- Instructions for the task
Copy every entry exactly, but skip the pictures.

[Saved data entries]
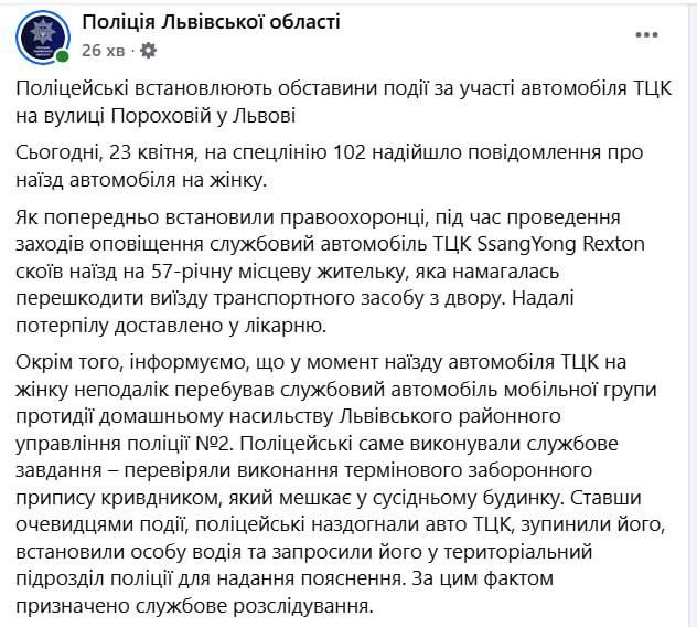 За попередніми даними слідства, під час перевірки документів службове авто ТЦК SsangYong Rexton наїхало на 57-річну місцеву жительку, яка хотіла перешкодити виїзду автівки з двору. Зараз вона у лікарні.
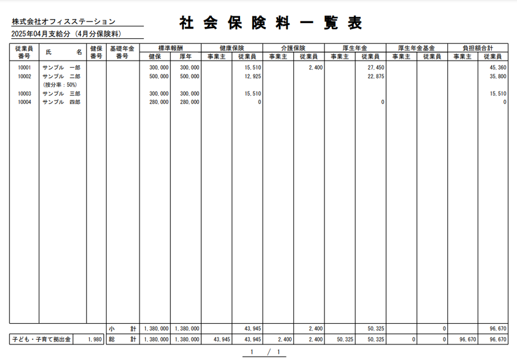 「健康保険」「介護保険」「厚生年金」「厚生年金基金」「負担合計額」項目の『事業主』列は、「総計/合計」のみが表示され、従業員ごとの金額に関しては、空欄で出力されます。
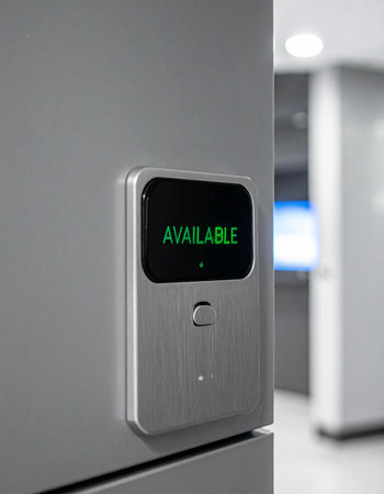 In a sleek, modern facility, a smart locker's green digital display brightly signals 'Available.
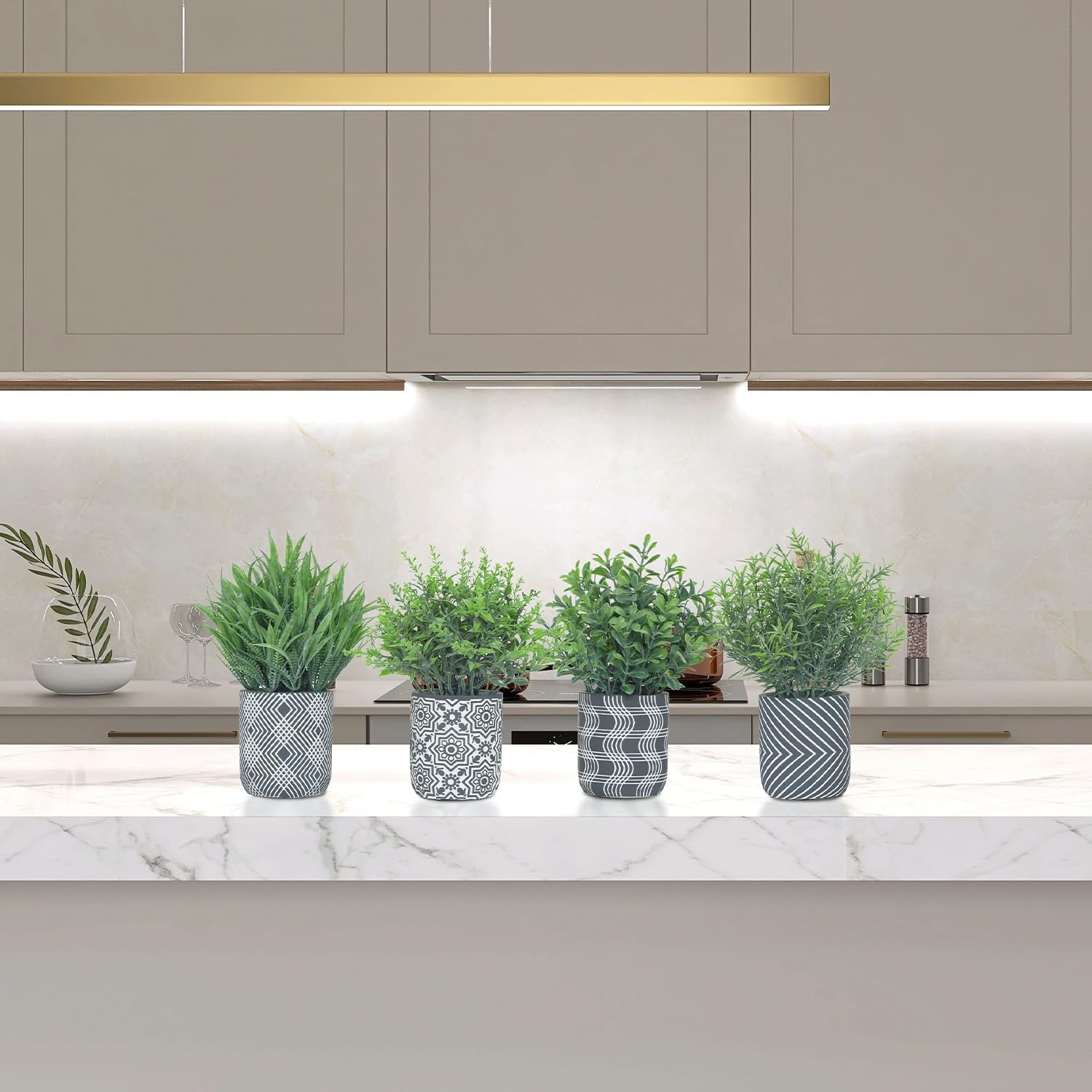 - Small Size & Adjustable Shape: Includes 4 artificial plants (grass, rosemary, boxwood, lavender), each approx. 9"H & 5.5"W. Patterned cement pots (3.1"W x 3.5"H). Gently adjust leaves for desired shape. You can gently adjust the leaves to achieve your desired shape and fullness. NOTE: The leaves may be slightly compressed during shipping — simply reshape them by hand to restore their natural appearance
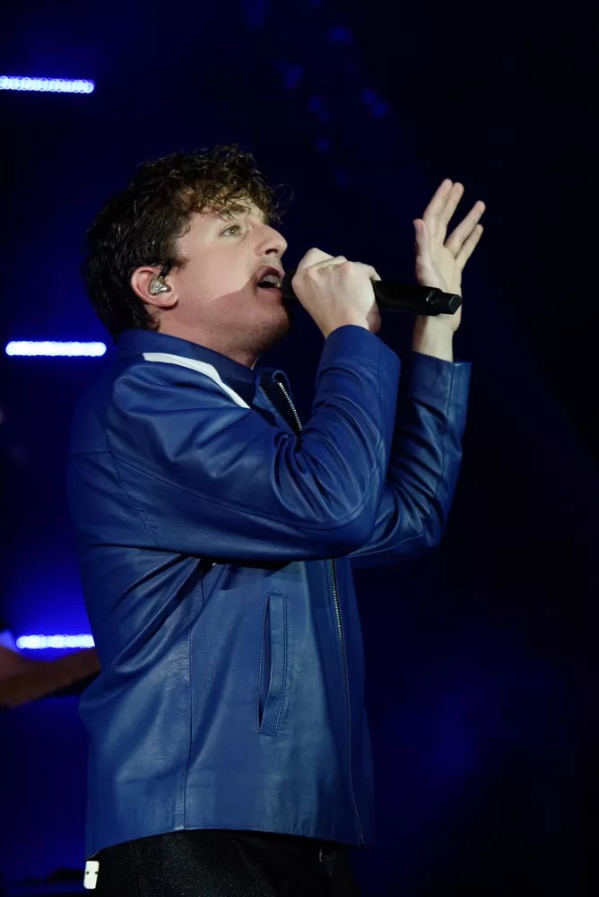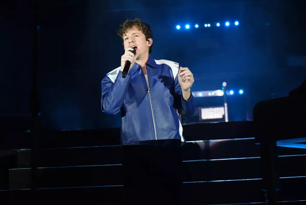 Charlie Puth performing at the FPL Solar Amphitheater in downtown Miami
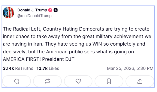 «Η ριζοσπαστική Αριστερά, οι Δημοκρατικοί που μισούν τη χώρα, προσπαθούν να δημιουργήσουν εσωτερικό χάος για να αποσπάσουν την προσοχή από τη μεγάλη στρατιωτική επιτυχία που έχουμε στο Ιράν. Μισούν να μας βλέπουν να κερδίζουμε τόσο ολοκληρωτικά και αποφασιστικά, αλλά ο αμερικανικός λαός βλέπει τι συμβαίνει».
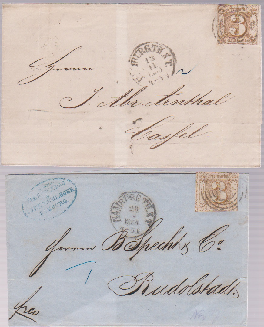"300" nebst taxischem K1 von Hamburg auf zwei Faltbriefen 3 Sgr. ockerbraun nach Rudolstadt bzw. Cassel
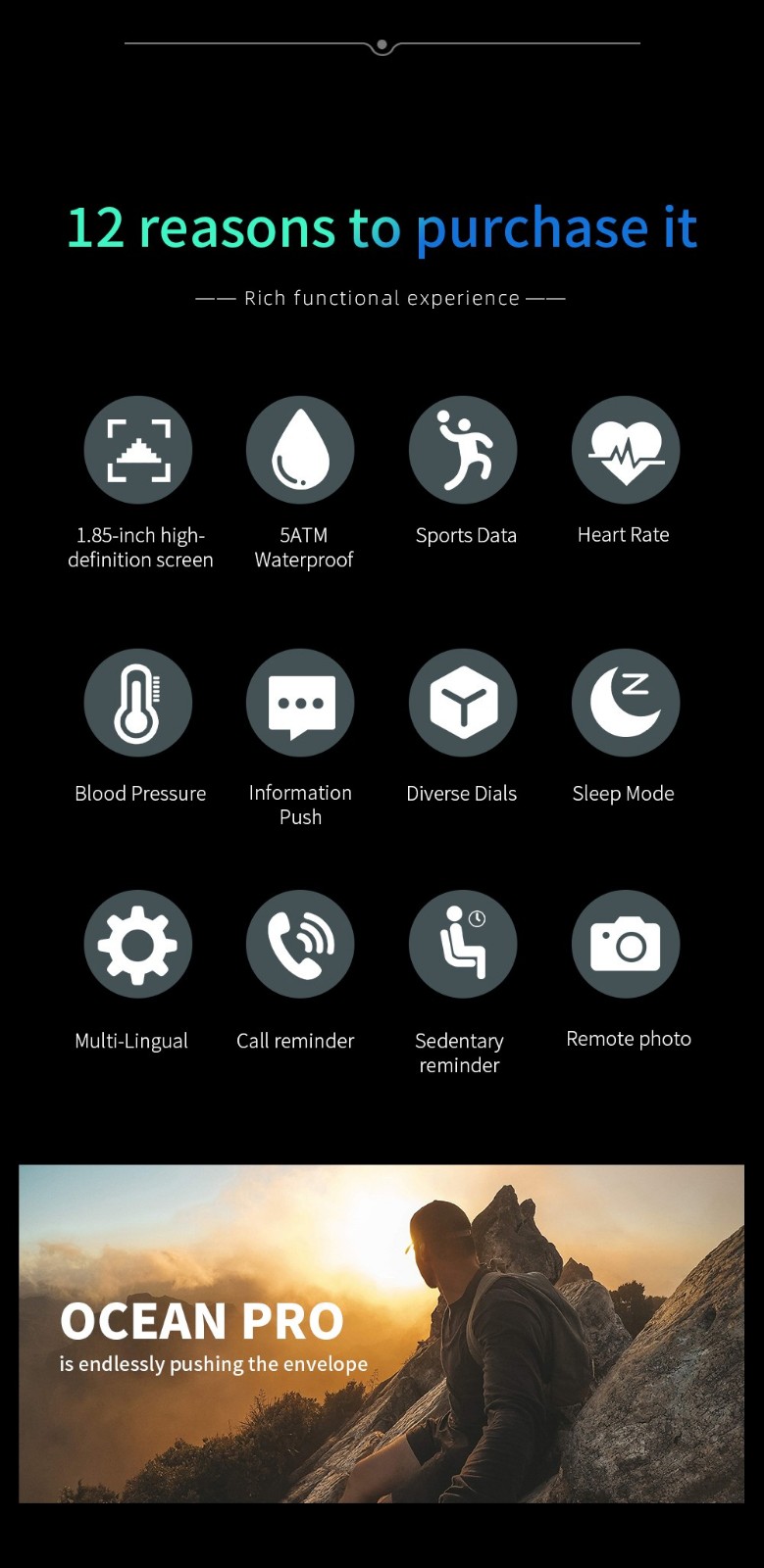 2. 5ATM waterproof, washing hands, raining, swimming and wearing to meet all daily requirements
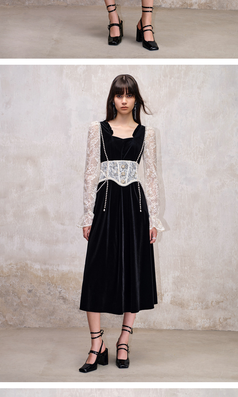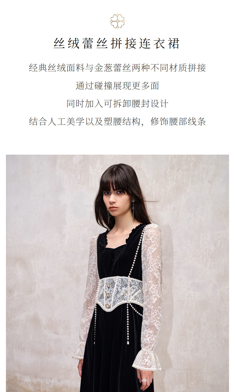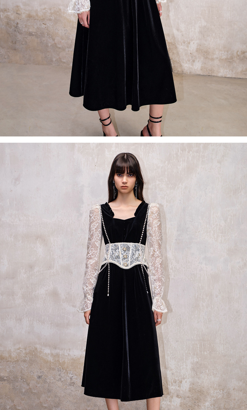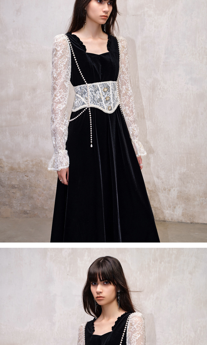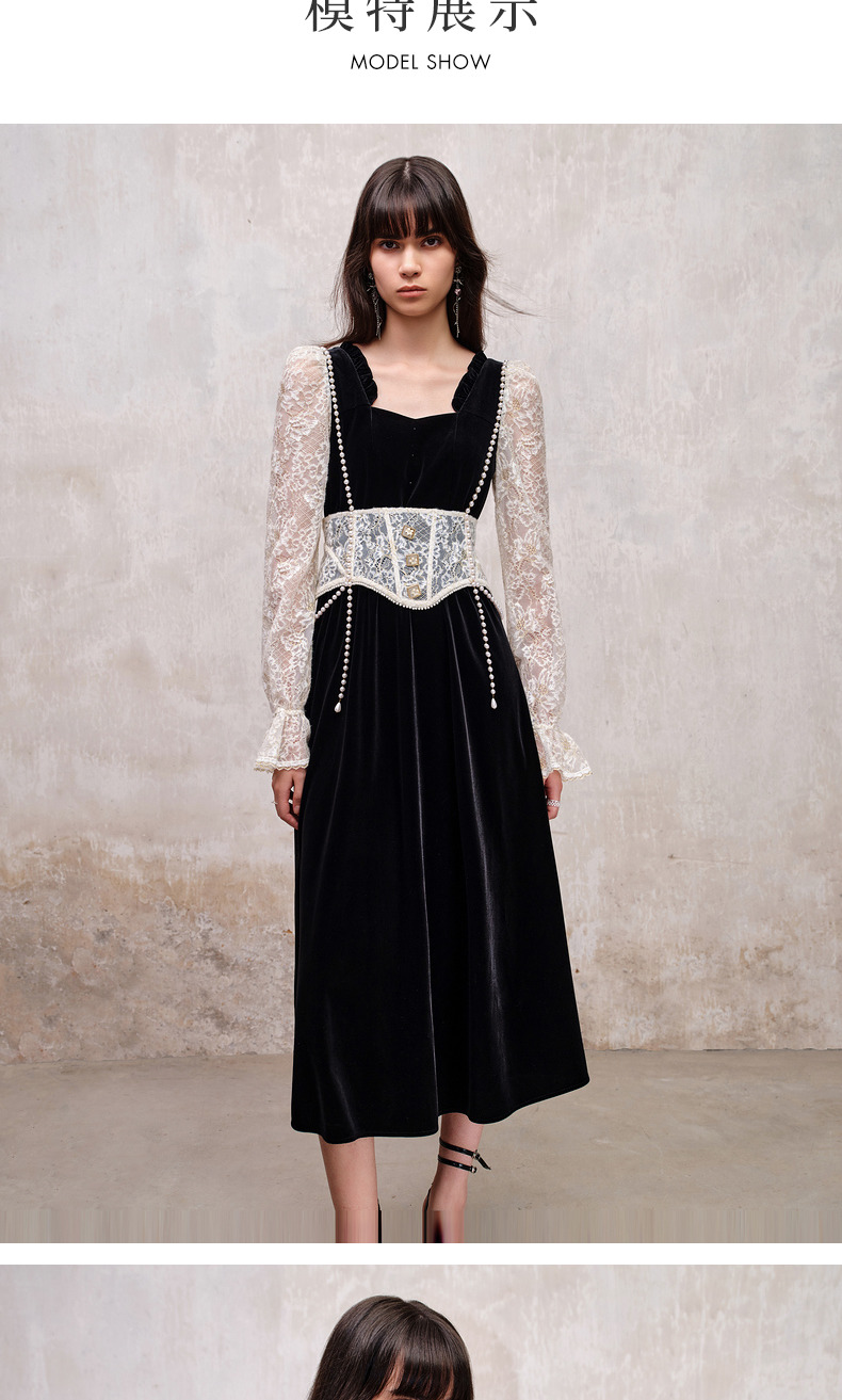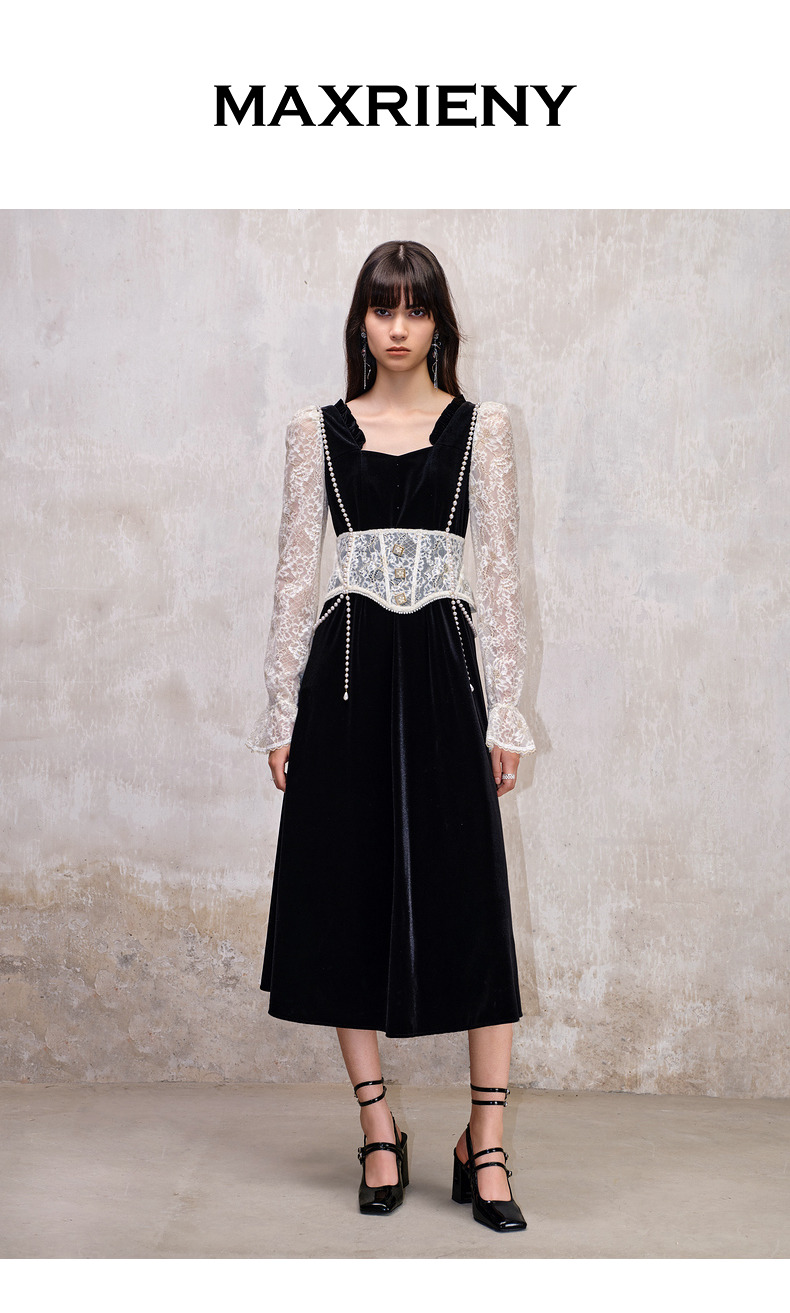 MAXRIENY法式宫廷复古风拼接蕾丝丝绒连衣裙(货号:MS88DR507)

- Expected answer
 За попередніми даними слідства, під час перевірки документів службове авто ТЦК SsangYong Rexton наїхало на 57-річну місцеву жительку, яка хотіла перешкодити виїзду автівки з двору. Зараз вона у лікарні.
 「健康保険」「介護保険」「厚生年金」「厚生年金基金」「負担合計額」項目の『事業主』列は、「総計/合計」のみが表示され、従業員ごとの金額に関しては、空欄で出力されます。
 In a sleek, modern facility, a smart locker's green digital display brightly signals 'Available.
 - Small Size & Adjustable Shape: Includes 4 artificial plants (grass, rosemary, boxwood, lavender), each approx. 9"H & 5.5"W. Patterned cement pots (3.1"W x 3.5"H). Gently adjust leaves for desired shape. You can gently adjust the leaves to achieve your desired shape and fullness. NOTE: The leaves may be slightly compressed during shipping — simply reshape them by hand to restore their natural appearance
 Charlie Puth performing at the FPL Solar Amphitheater in downtown Miami
 «Η ριζοσπαστική Αριστερά, οι Δημοκρατικοί που μισούν τη χώρα, προσπαθούν να δημιουργήσουν εσωτερικό χάος για να αποσπάσουν την προσοχή από τη μεγάλη στρατιωτική επιτυχία που έχουμε στο Ιράν. Μισούν να μας βλέπουν να κερδίζουμε τόσο ολοκληρωτικά και αποφασιστικά, αλλά ο αμερικανικός λαός βλέπει τι συμβαίνει».
"300" nebst taxischem K1 von Hamburg auf zwei Faltbriefen 3 Sgr. ockerbraun nach Rudolstadt bzw. Cassel
 2. 5ATM waterproof, washing hands, raining, swimming and wearing to meet all daily requirements
 MAXRIENY法式宫廷复古风拼接蕾丝丝绒连衣裙(货号:MS88DR507)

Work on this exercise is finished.